Being unable to trust Siri, especially behind the wheel, is distracting and can be downright dangerous. I am a reasonably cautious driver; I have never touched my phone behind the wheel. Features like CarPlay and Siri are supposed to help drivers safely use an iPhone for driving-related tasks. This is not funny any more. Siri is ten years old in Apple’s iteration, and even older as independently developed. Apple has clearly put a lot of work into its voices and speech recognition, but it is a deeply disappointing product all the same. I would rather have a stilted robotic voice responding accurately than a high-quality voice that cannot seem to do the obvious and correct thing.

Amazon may be foregoing forced arbitration for users, but there is no such relief for sellers on its platform. David Dayen, writing for the American Prospect in 2019:

All of Amazon’s third-party sellers, responsible for more than half of total sales on the website, must sign a contract that commits them to mandatory arbitration in the event of a dispute. “We each agree that any dispute resolution proceedings will be conducted only on an individual basis and not in a class, consolidated or representative action,” the arbitration clause reads, meaning that no seller can team up with others similarly situated to bring a complaint. Court trials are also waived.

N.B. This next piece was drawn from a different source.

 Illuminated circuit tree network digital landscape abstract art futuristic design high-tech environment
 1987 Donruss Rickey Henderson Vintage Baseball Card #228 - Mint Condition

Amazon users and DoorDash couriers have written the recipe for disincentivizing the pernicious obligation to use these private courts that create no legal precedent with each case and often require non-disclosure agreements with settlements: flood them with cases.

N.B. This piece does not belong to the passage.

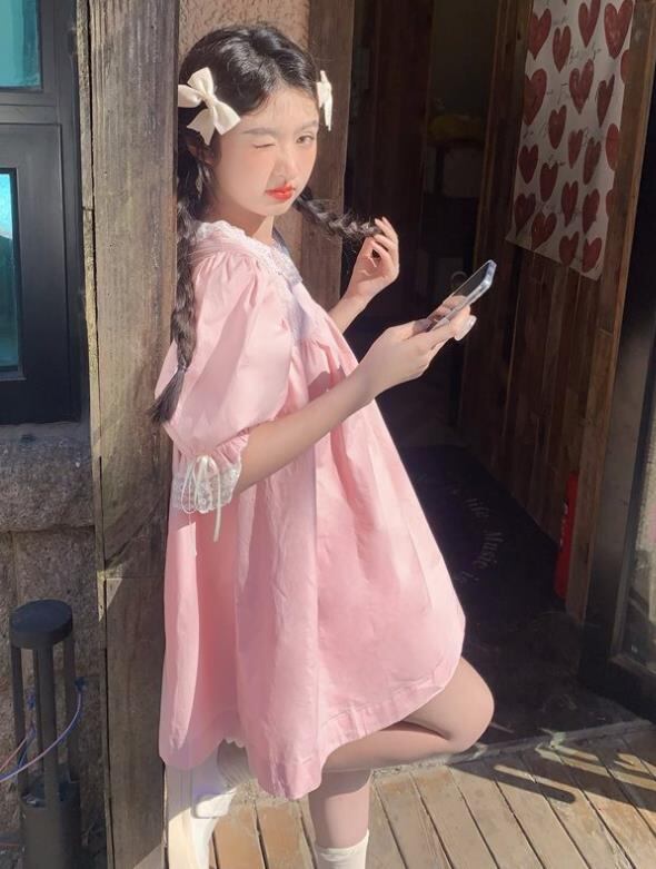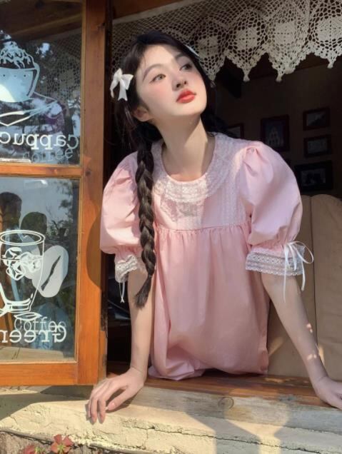 春夏新作 女 レディース ハイウエスト 半袖 レース ミニ ワンピース ドレス 台型スカート

Sara Randazzo, Wall Street Journal:

Companies have spent more than a decade forcing employees and customers to resolve disputes outside the traditional court system, using secretive arbitration proceedings that typically don’t allow plaintiffs to team up and extract big-money payments akin to a class action.

Now, Amazon.com Inc. is bucking that trend. With no announcement, the company recently changed its terms of service to allow customers to file lawsuits. Already, it faces at least three proposed class actions, including one brought May 18 alleging the company’s Alexa-powered Echo devices recorded people without permission.

The retail giant made the change after plaintiffs’ lawyers flooded Amazon with more than 75,000 individual arbitration demands on behalf of Echo users. That move triggered a bill for tens of millions of dollars in filing fees, according to lawyers involved, payable by Amazon under its own policies.

I know these lawyers are just doing lawyer things — there is not really anything righteous about this — but it is hysterical to see this escape hatch for corporate liability backfire. Please, more of this, given the times where binding arbitration clauses have been used to bury a high-tech Peeping Tom or by credit card companies to shut down legal remedies.